Would you transcribe the entries below word for word, omitting all images?

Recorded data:
****************

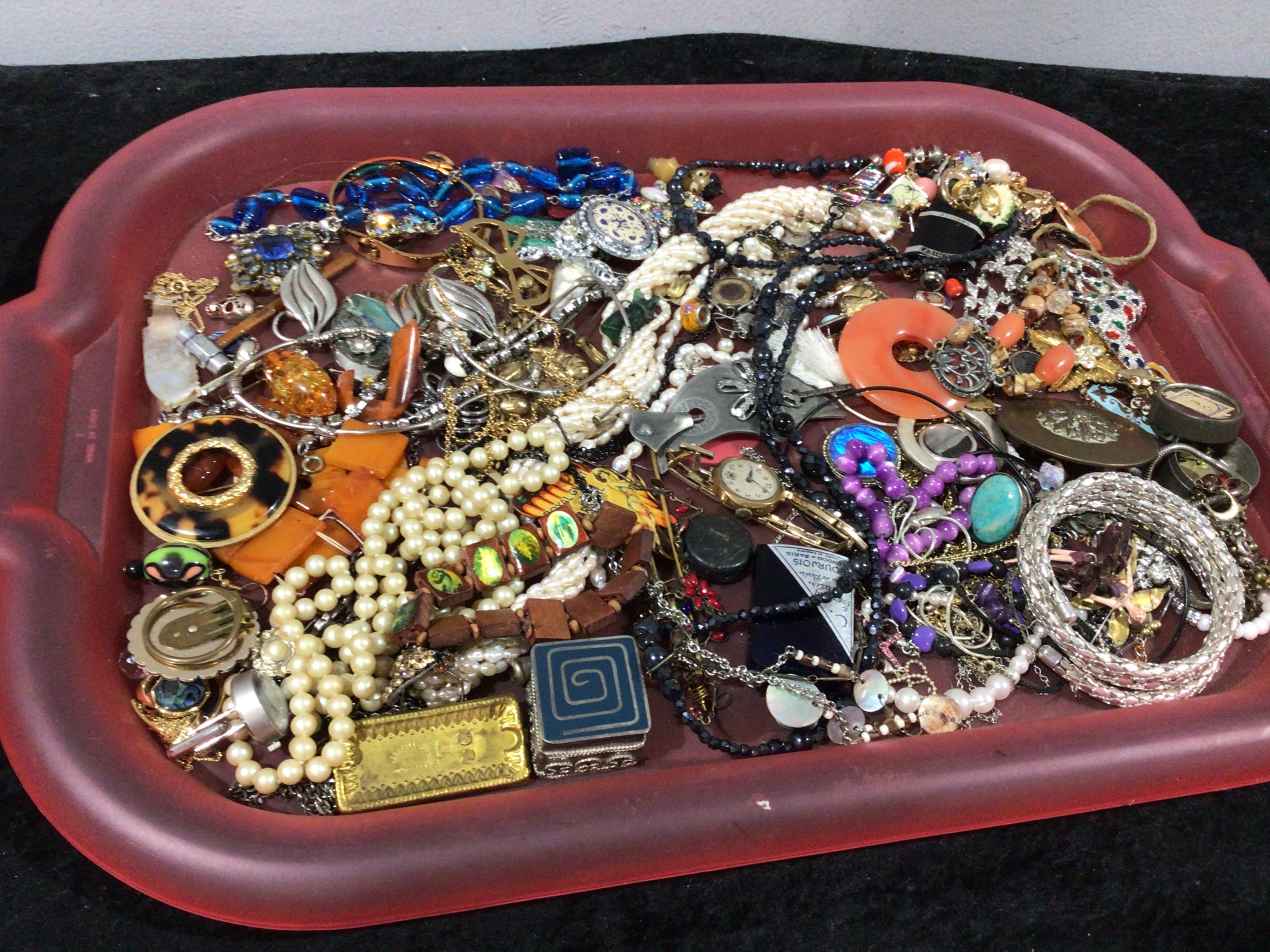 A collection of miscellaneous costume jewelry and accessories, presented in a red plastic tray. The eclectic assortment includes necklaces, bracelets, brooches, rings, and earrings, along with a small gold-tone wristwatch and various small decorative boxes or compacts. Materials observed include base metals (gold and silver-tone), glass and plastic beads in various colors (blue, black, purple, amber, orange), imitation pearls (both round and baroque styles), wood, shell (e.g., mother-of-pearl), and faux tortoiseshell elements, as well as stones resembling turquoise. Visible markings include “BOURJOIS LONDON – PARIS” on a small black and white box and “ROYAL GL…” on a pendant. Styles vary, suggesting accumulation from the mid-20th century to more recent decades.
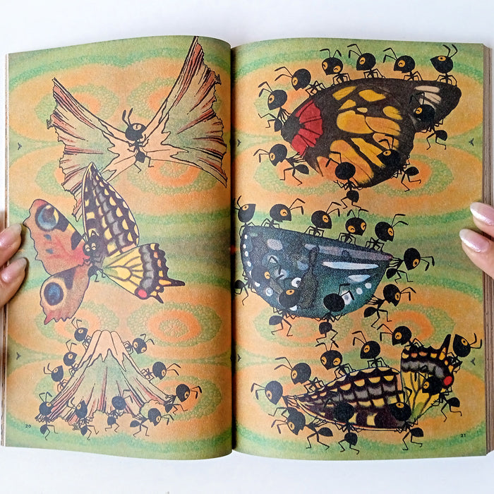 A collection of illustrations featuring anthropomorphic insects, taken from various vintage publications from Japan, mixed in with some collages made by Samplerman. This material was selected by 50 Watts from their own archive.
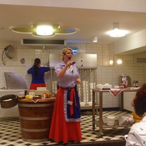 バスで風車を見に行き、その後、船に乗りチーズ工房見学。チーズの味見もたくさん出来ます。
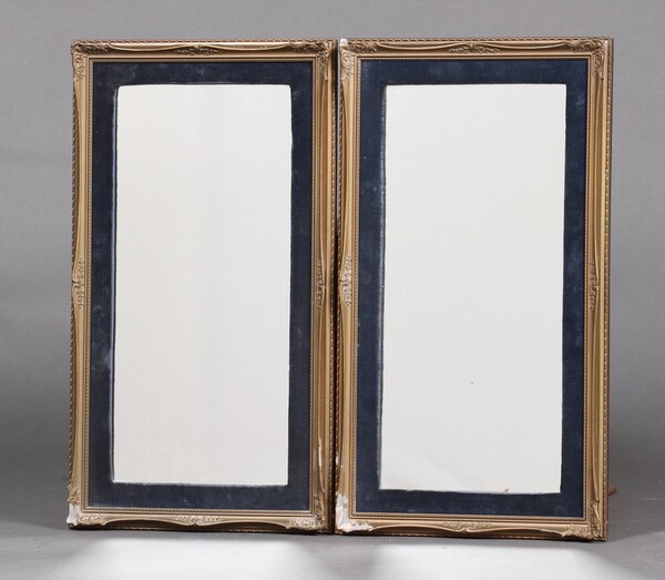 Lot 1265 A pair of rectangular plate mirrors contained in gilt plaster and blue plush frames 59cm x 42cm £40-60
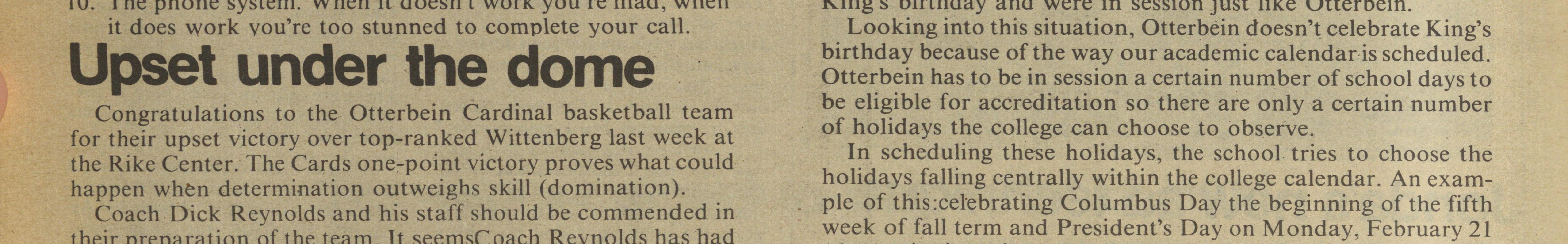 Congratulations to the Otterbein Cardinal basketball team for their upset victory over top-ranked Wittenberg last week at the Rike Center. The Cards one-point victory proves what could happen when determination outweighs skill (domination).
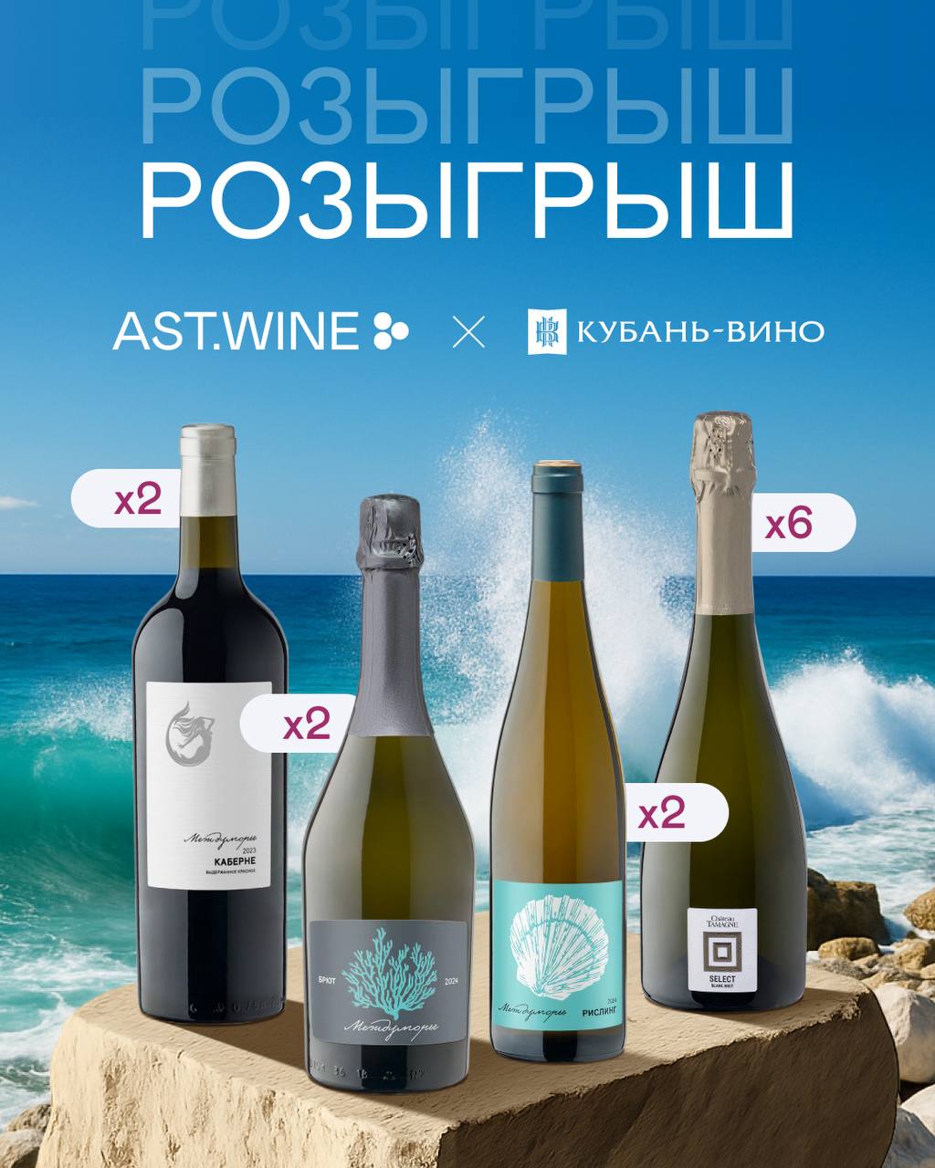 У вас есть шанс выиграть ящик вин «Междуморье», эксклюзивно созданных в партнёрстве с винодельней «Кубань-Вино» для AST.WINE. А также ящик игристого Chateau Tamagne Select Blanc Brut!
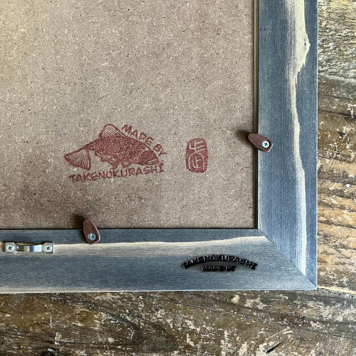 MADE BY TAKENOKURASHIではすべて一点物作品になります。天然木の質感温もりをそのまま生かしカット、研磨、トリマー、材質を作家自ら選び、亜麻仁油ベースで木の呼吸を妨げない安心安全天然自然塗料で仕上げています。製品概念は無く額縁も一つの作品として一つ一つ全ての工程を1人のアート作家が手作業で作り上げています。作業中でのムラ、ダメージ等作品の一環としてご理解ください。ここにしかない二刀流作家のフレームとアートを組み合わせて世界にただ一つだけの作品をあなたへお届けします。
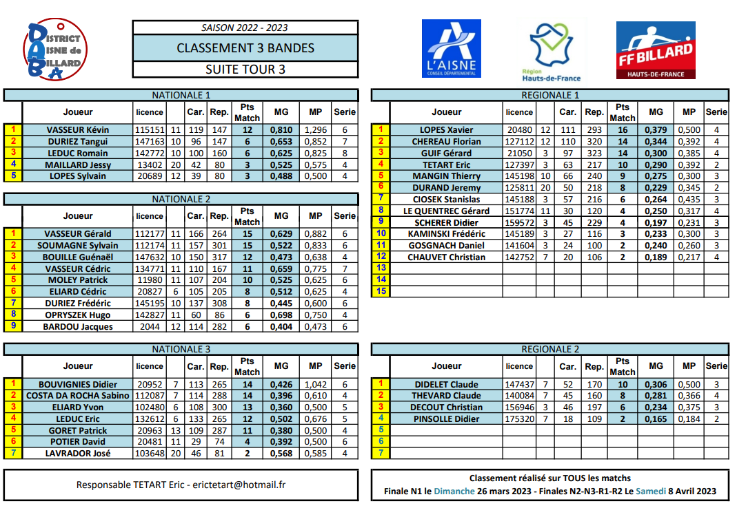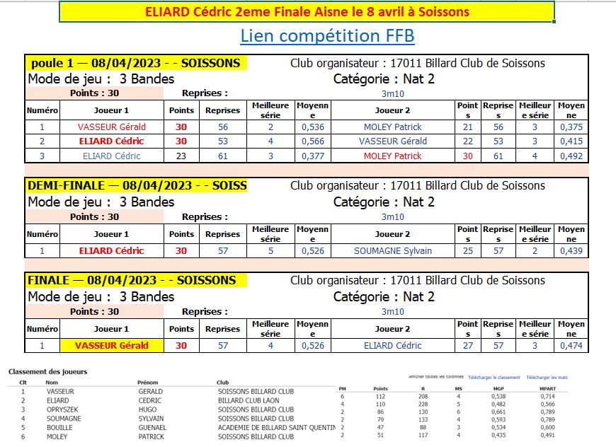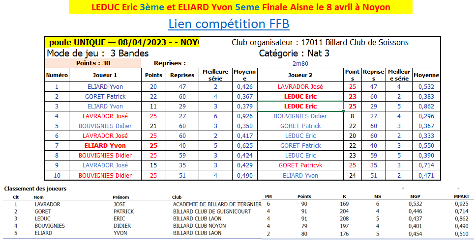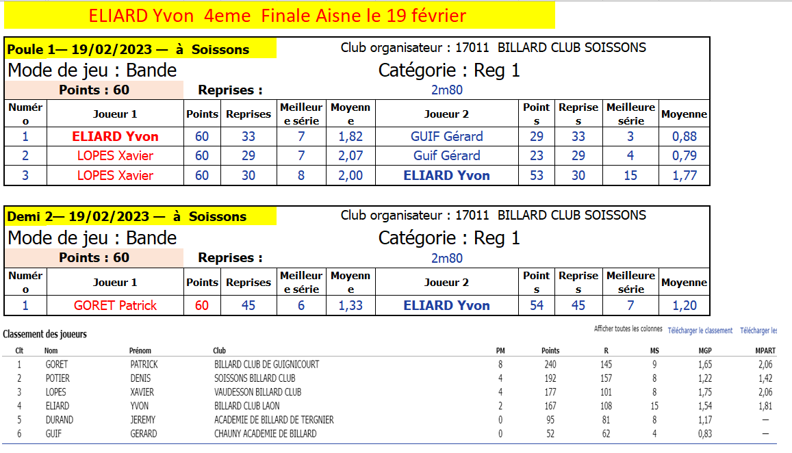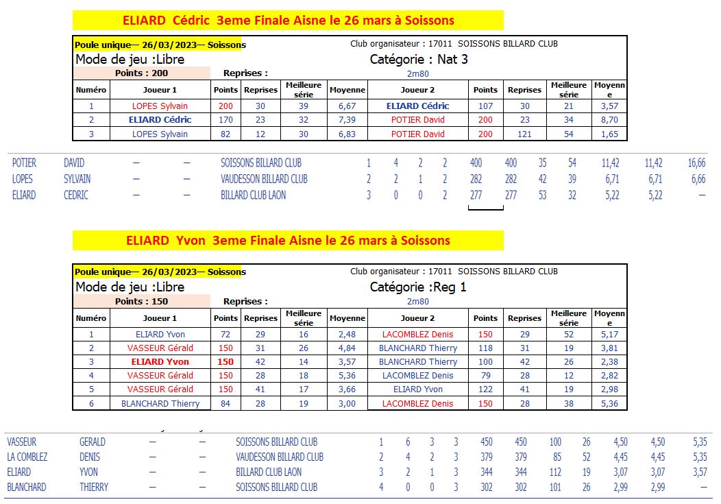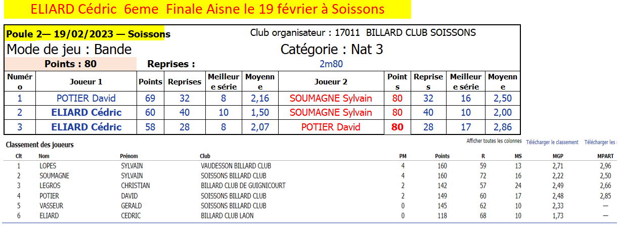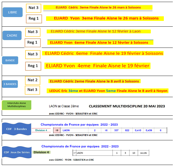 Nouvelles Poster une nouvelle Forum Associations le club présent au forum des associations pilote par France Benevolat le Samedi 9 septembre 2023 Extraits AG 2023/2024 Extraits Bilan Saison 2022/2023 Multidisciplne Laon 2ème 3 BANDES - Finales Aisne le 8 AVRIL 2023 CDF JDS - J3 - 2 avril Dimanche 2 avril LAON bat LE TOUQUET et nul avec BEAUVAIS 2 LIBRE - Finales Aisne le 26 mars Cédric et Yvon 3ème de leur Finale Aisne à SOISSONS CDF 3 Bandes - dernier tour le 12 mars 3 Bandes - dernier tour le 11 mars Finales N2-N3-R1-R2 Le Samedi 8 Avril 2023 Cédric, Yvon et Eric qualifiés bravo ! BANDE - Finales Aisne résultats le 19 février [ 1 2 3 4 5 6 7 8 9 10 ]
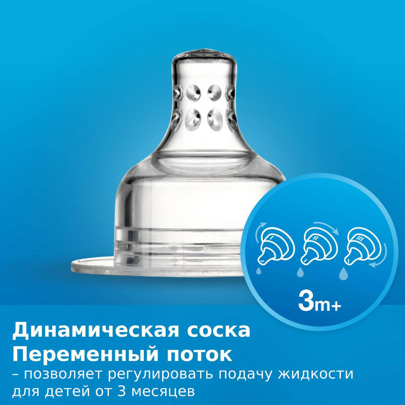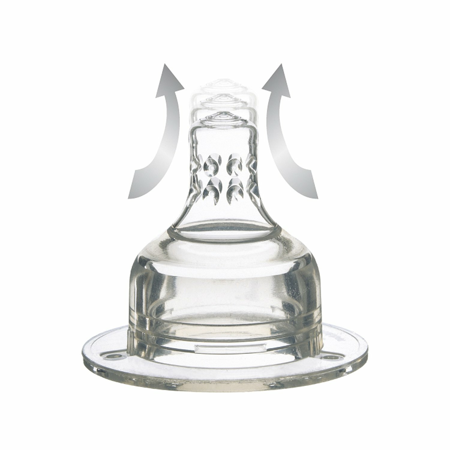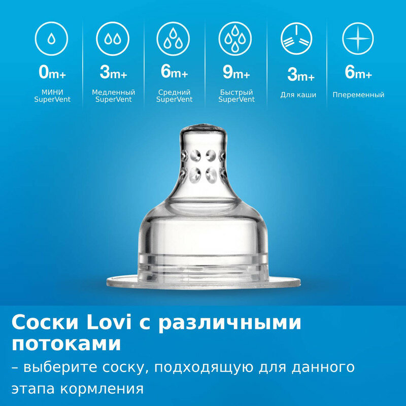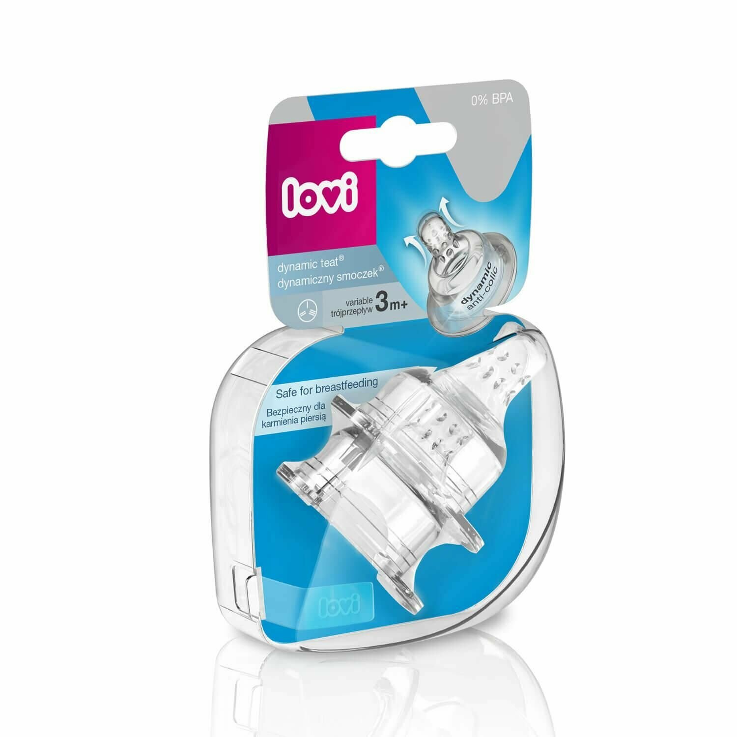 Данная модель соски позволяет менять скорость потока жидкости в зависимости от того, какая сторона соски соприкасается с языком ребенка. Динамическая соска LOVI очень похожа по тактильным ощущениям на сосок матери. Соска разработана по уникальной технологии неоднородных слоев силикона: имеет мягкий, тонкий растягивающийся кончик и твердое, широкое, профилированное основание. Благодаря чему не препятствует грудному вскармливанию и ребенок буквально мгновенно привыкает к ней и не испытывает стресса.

****************

ANSWER BOX:
 A collection of miscellaneous costume jewelry and accessories, presented in a red plastic tray. The eclectic assortment includes necklaces, bracelets, brooches, rings, and earrings, along with a small gold-tone wristwatch and various small decorative boxes or compacts. Materials observed include base metals (gold and silver-tone), glass and plastic beads in various colors (blue, black, purple, amber, orange), imitation pearls (both round and baroque styles), wood, shell (e.g., mother-of-pearl), and faux tortoiseshell elements, as well as stones resembling turquoise. Visible markings include “BOURJOIS LONDON – PARIS” on a small black and white box and “ROYAL GL…” on a pendant. Styles vary, suggesting accumulation from the mid-20th century to more recent decades.
 A collection of illustrations featuring anthropomorphic insects, taken from various vintage publications from Japan, mixed in with some collages made by Samplerman. This material was selected by 50 Watts from their own archive.
 バスで風車を見に行き、その後、船に乗りチーズ工房見学。チーズの味見もたくさん出来ます。
 Lot 1265 A pair of rectangular plate mirrors contained in gilt plaster and blue plush frames 59cm x 42cm £40-60
 Congratulations to the Otterbein Cardinal basketball team for their upset victory over top-ranked Wittenberg last week at the Rike Center. The Cards one-point victory proves what could happen when determination outweighs skill (domination).
 У вас есть шанс выиграть ящик вин «Междуморье», эксклюзивно созданных в партнёрстве с винодельней «Кубань-Вино» для AST.WINE. А также ящик игристого Chateau Tamagne Select Blanc Brut!
 MADE BY TAKENOKURASHIではすべて一点物作品になります。天然木の質感温もりをそのまま生かしカット、研磨、トリマー、材質を作家自ら選び、亜麻仁油ベースで木の呼吸を妨げない安心安全天然自然塗料で仕上げています。製品概念は無く額縁も一つの作品として一つ一つ全ての工程を1人のアート作家が手作業で作り上げています。作業中でのムラ、ダメージ等作品の一環としてご理解ください。ここにしかない二刀流作家のフレームとアートを組み合わせて世界にただ一つだけの作品をあなたへお届けします。
 Nouvelles Poster une nouvelle Forum Associations le club présent au forum des associations pilote par France Benevolat le Samedi 9 septembre 2023 Extraits AG 2023/2024 Extraits Bilan Saison 2022/2023 Multidisciplne Laon 2ème 3 BANDES - Finales Aisne le 8 AVRIL 2023 CDF JDS - J3 - 2 avril Dimanche 2 avril LAON bat LE TOUQUET et nul avec BEAUVAIS 2 LIBRE - Finales Aisne le 26 mars Cédric et Yvon 3ème de leur Finale Aisne à SOISSONS CDF 3 Bandes - dernier tour le 12 mars 3 Bandes - dernier tour le 11 mars Finales N2-N3-R1-R2 Le Samedi 8 Avril 2023 Cédric, Yvon et Eric qualifiés bravo ! BANDE - Finales Aisne résultats le 19 février [ 1 2 3 4 5 6 7 8 9 10 ]
 Данная модель соски позволяет менять скорость потока жидкости в зависимости от того, какая сторона соски соприкасается с языком ребенка. Динамическая соска LOVI очень похожа по тактильным ощущениям на сосок матери. Соска разработана по уникальной технологии неоднородных слоев силикона: имеет мягкий, тонкий растягивающийся кончик и твердое, широкое, профилированное основание. Благодаря чему не препятствует грудному вскармливанию и ребенок буквально мгновенно привыкает к ней и не испытывает стресса.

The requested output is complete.